The task:
Would you print every entry below exactly as written, omitting the images?

Material for this exercise:
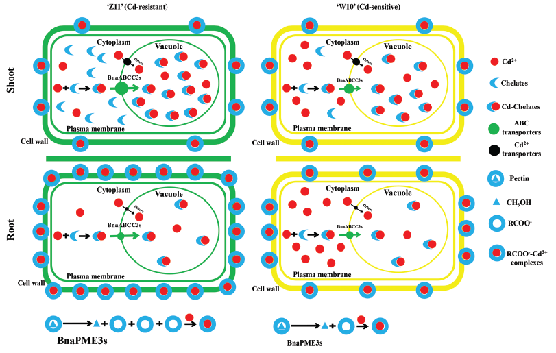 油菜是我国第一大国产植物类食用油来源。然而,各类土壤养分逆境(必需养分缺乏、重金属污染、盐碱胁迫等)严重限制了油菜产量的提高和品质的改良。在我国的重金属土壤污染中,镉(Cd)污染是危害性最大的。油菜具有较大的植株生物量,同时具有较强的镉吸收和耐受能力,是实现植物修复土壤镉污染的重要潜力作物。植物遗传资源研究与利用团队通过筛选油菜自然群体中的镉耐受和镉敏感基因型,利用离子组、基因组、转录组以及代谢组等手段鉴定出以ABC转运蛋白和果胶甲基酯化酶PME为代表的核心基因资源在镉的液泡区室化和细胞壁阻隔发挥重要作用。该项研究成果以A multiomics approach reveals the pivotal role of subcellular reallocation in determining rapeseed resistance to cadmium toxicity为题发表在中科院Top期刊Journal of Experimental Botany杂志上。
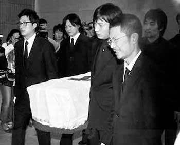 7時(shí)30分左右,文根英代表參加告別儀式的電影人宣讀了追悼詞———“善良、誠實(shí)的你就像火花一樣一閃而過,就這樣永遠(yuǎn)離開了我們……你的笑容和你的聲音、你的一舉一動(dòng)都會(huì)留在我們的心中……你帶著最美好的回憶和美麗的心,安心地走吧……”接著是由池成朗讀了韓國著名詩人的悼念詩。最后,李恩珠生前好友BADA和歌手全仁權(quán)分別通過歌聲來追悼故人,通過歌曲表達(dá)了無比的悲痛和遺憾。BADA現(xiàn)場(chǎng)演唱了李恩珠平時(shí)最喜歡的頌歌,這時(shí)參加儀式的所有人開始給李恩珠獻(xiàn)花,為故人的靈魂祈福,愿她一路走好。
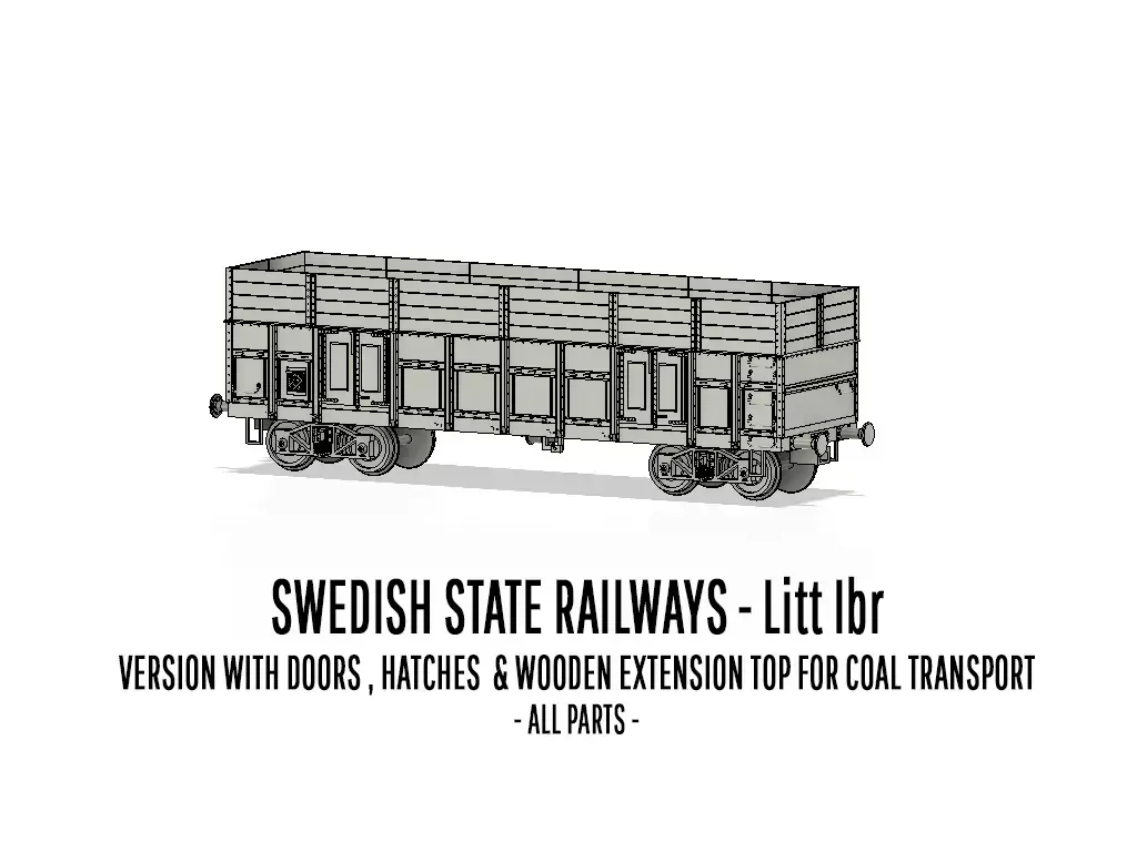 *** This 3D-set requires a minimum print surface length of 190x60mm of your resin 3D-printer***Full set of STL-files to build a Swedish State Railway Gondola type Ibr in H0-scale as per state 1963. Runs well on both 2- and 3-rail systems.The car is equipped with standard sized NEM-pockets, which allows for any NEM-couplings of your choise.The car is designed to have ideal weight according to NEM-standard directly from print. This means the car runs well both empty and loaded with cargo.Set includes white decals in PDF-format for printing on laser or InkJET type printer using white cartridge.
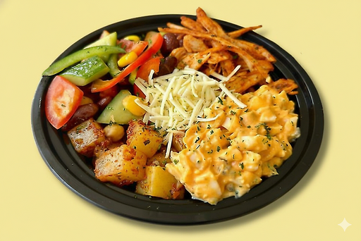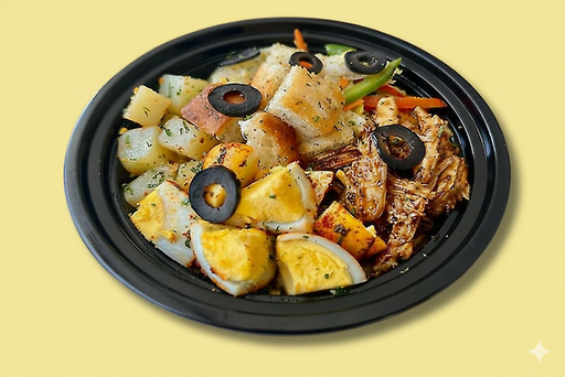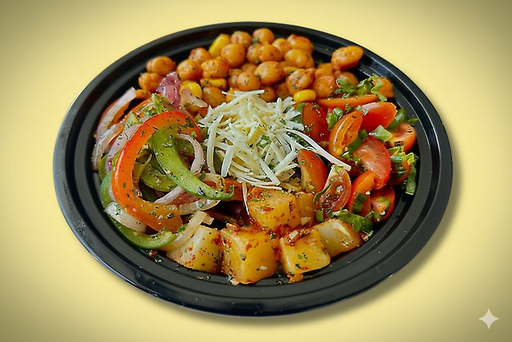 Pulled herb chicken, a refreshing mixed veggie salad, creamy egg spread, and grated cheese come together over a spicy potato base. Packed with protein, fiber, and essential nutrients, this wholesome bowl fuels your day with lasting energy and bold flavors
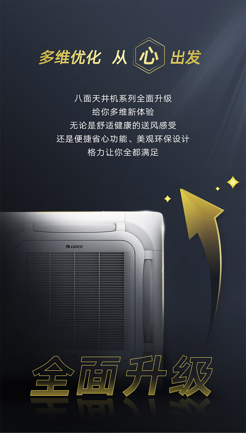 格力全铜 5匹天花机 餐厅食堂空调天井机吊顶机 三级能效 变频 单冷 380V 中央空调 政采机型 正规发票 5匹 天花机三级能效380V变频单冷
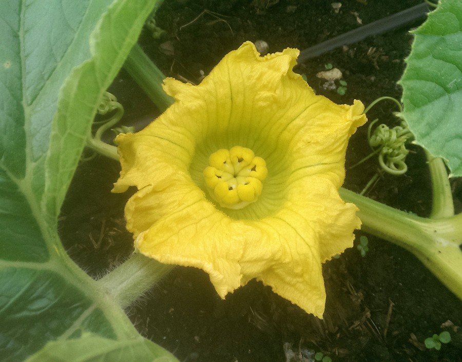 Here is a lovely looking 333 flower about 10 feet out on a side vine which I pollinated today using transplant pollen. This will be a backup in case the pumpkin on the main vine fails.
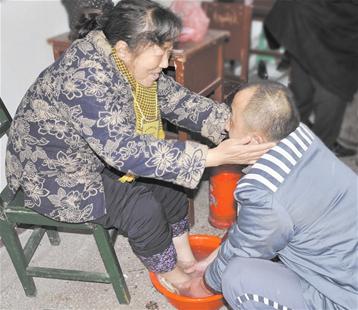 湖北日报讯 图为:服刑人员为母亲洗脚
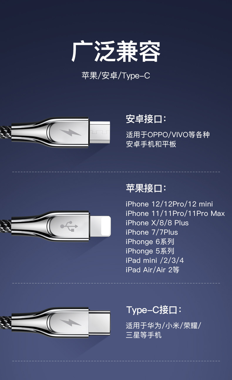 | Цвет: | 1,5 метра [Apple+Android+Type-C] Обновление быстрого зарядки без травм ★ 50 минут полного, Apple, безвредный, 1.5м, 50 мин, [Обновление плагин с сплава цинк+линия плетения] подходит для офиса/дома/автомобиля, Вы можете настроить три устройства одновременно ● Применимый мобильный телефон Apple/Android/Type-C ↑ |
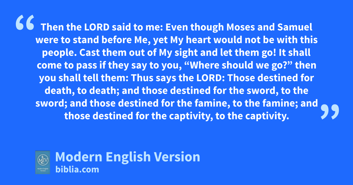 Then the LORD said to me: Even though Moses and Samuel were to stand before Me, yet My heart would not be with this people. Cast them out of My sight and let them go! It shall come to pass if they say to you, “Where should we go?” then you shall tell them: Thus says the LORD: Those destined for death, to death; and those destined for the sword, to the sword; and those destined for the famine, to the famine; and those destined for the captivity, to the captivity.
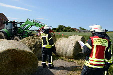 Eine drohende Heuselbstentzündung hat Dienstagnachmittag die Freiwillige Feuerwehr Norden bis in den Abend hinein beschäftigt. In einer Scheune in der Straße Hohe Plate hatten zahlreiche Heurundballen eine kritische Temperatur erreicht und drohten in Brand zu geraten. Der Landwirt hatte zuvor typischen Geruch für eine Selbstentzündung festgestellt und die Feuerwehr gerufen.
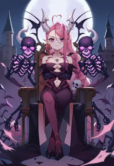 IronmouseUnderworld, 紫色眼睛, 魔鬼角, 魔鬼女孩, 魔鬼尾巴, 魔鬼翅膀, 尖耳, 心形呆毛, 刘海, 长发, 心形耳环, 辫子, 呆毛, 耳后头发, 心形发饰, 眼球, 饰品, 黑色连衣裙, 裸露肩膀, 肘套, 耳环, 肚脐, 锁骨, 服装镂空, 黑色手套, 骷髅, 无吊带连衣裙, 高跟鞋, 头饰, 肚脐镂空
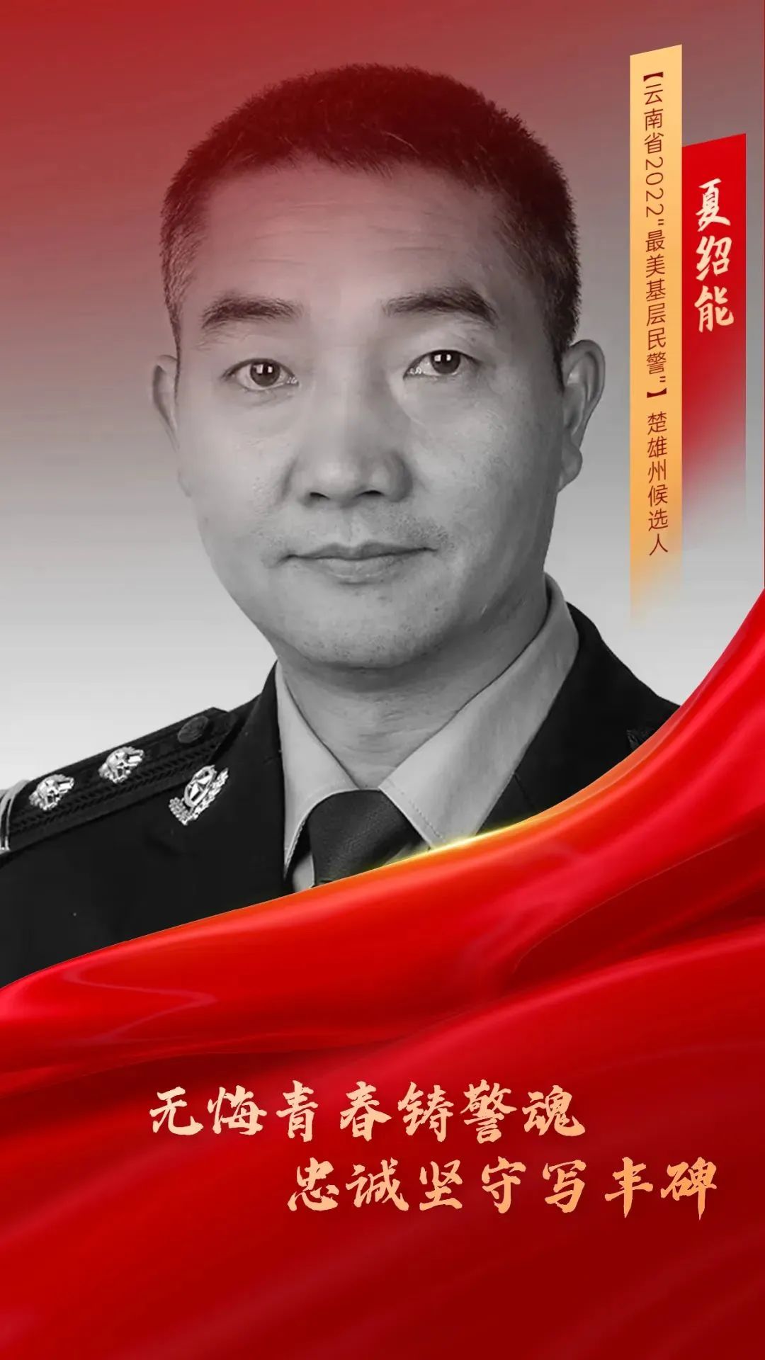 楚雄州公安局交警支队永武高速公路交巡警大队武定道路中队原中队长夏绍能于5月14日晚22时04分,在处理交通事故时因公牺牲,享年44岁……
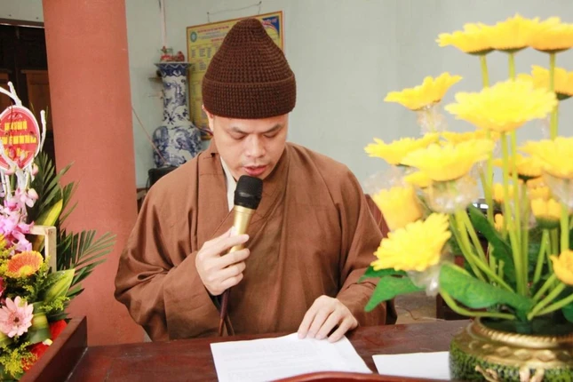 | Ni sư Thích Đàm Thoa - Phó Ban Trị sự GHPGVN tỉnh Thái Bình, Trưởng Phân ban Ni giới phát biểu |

Exercise output:
 油菜是我国第一大国产植物类食用油来源。然而,各类土壤养分逆境(必需养分缺乏、重金属污染、盐碱胁迫等)严重限制了油菜产量的提高和品质的改良。在我国的重金属土壤污染中,镉(Cd)污染是危害性最大的。油菜具有较大的植株生物量,同时具有较强的镉吸收和耐受能力,是实现植物修复土壤镉污染的重要潜力作物。植物遗传资源研究与利用团队通过筛选油菜自然群体中的镉耐受和镉敏感基因型,利用离子组、基因组、转录组以及代谢组等手段鉴定出以ABC转运蛋白和果胶甲基酯化酶PME为代表的核心基因资源在镉的液泡区室化和细胞壁阻隔发挥重要作用。该项研究成果以A multiomics approach reveals the pivotal role of subcellular reallocation in determining rapeseed resistance to cadmium toxicity为题发表在中科院Top期刊Journal of Experimental Botany杂志上。
 7時(shí)30分左右,文根英代表參加告別儀式的電影人宣讀了追悼詞———“善良、誠實(shí)的你就像火花一樣一閃而過,就這樣永遠(yuǎn)離開了我們……你的笑容和你的聲音、你的一舉一動(dòng)都會(huì)留在我們的心中……你帶著最美好的回憶和美麗的心,安心地走吧……”接著是由池成朗讀了韓國著名詩人的悼念詩。最后,李恩珠生前好友BADA和歌手全仁權(quán)分別通過歌聲來追悼故人,通過歌曲表達(dá)了無比的悲痛和遺憾。BADA現(xiàn)場(chǎng)演唱了李恩珠平時(shí)最喜歡的頌歌,這時(shí)參加儀式的所有人開始給李恩珠獻(xiàn)花,為故人的靈魂祈福,愿她一路走好。
 *** This 3D-set requires a minimum print surface length of 190x60mm of your resin 3D-printer***Full set of STL-files to build a Swedish State Railway Gondola type Ibr in H0-scale as per state 1963. Runs well on both 2- and 3-rail systems.The car is equipped with standard sized NEM-pockets, which allows for any NEM-couplings of your choise.The car is designed to have ideal weight according to NEM-standard directly from print. This means the car runs well both empty and loaded with cargo.Set includes white decals in PDF-format for printing on laser or InkJET type printer using white cartridge.
 Pulled herb chicken, a refreshing mixed veggie salad, creamy egg spread, and grated cheese come together over a spicy potato base. Packed with protein, fiber, and essential nutrients, this wholesome bowl fuels your day with lasting energy and bold flavors
 格力全铜 5匹天花机 餐厅食堂空调天井机吊顶机 三级能效 变频 单冷 380V 中央空调 政采机型 正规发票 5匹 天花机三级能效380V变频单冷
 Here is a lovely looking 333 flower about 10 feet out on a side vine which I pollinated today using transplant pollen. This will be a backup in case the pumpkin on the main vine fails.
 湖北日报讯 图为:服刑人员为母亲洗脚
 | Цвет: | 1,5 метра [Apple+Android+Type-C] Обновление быстрого зарядки без травм ★ 50 минут полного, Apple, безвредный, 1.5м, 50 мин, [Обновление плагин с сплава цинк+линия плетения] подходит для офиса/дома/автомобиля, Вы можете настроить три устройства одновременно ● Применимый мобильный телефон Apple/Android/Type-C ↑ |
 Then the LORD said to me: Even though Moses and Samuel were to stand before Me, yet My heart would not be with this people. Cast them out of My sight and let them go! It shall come to pass if they say to you, “Where should we go?” then you shall tell them: Thus says the LORD: Those destined for death, to death; and those destined for the sword, to the sword; and those destined for the famine, to the famine; and those destined for the captivity, to the captivity.
 Eine drohende Heuselbstentzündung hat Dienstagnachmittag die Freiwillige Feuerwehr Norden bis in den Abend hinein beschäftigt. In einer Scheune in der Straße Hohe Plate hatten zahlreiche Heurundballen eine kritische Temperatur erreicht und drohten in Brand zu geraten. Der Landwirt hatte zuvor typischen Geruch für eine Selbstentzündung festgestellt und die Feuerwehr gerufen.
 IronmouseUnderworld, 紫色眼睛, 魔鬼角, 魔鬼女孩, 魔鬼尾巴, 魔鬼翅膀, 尖耳, 心形呆毛, 刘海, 长发, 心形耳环, 辫子, 呆毛, 耳后头发, 心形发饰, 眼球, 饰品, 黑色连衣裙, 裸露肩膀, 肘套, 耳环, 肚脐, 锁骨, 服装镂空, 黑色手套, 骷髅, 无吊带连衣裙, 高跟鞋, 头饰, 肚脐镂空
 楚雄州公安局交警支队永武高速公路交巡警大队武定道路中队原中队长夏绍能于5月14日晚22时04分,在处理交通事故时因公牺牲,享年44岁……
 | Ni sư Thích Đàm Thoa - Phó Ban Trị sự GHPGVN tỉnh Thái Bình, Trưởng Phân ban Ni giới phát biểu |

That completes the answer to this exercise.